## Available data
╭──
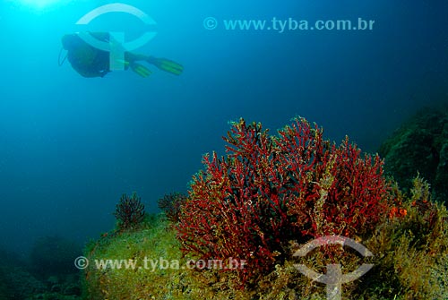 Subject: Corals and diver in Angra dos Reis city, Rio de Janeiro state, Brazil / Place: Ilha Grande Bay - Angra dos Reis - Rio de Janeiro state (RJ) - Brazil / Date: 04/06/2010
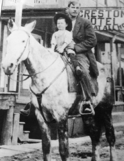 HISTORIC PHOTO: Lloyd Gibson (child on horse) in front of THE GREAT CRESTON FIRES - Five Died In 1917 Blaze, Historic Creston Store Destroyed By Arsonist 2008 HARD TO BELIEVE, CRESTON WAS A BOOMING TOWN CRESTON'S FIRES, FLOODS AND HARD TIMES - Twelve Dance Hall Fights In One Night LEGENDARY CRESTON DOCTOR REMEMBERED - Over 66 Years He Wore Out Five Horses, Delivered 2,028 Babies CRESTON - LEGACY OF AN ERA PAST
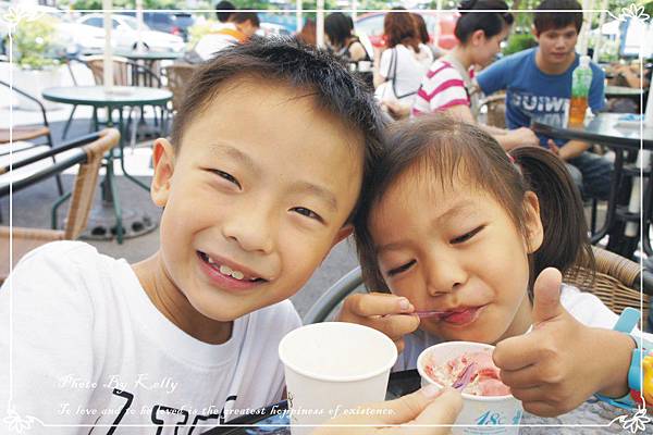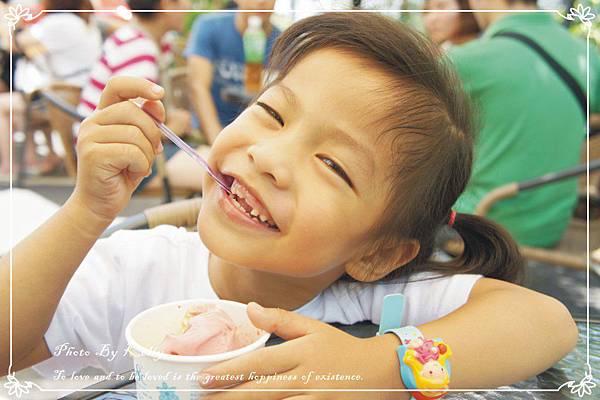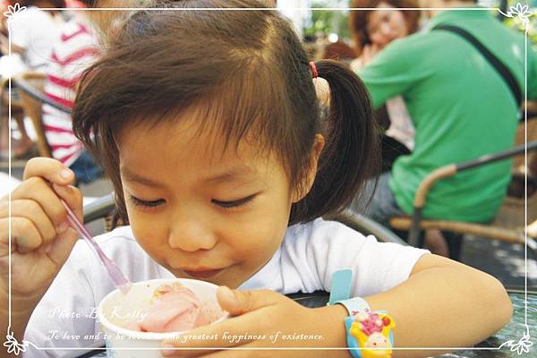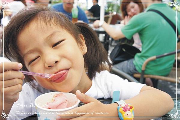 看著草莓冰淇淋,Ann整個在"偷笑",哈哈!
╰──
## Required action
From the material above, reproduce everything verbatim except the pictures.

## Finished task
 Subject: Corals and diver in Angra dos Reis city, Rio de Janeiro state, Brazil / Place: Ilha Grande Bay - Angra dos Reis - Rio de Janeiro state (RJ) - Brazil / Date: 04/06/2010
 HISTORIC PHOTO: Lloyd Gibson (child on horse) in front of THE GREAT CRESTON FIRES - Five Died In 1917 Blaze, Historic Creston Store Destroyed By Arsonist 2008 HARD TO BELIEVE, CRESTON WAS A BOOMING TOWN CRESTON'S FIRES, FLOODS AND HARD TIMES - Twelve Dance Hall Fights In One Night LEGENDARY CRESTON DOCTOR REMEMBERED - Over 66 Years He Wore Out Five Horses, Delivered 2,028 Babies CRESTON - LEGACY OF AN ERA PAST
 看著草莓冰淇淋,Ann整個在"偷笑",哈哈!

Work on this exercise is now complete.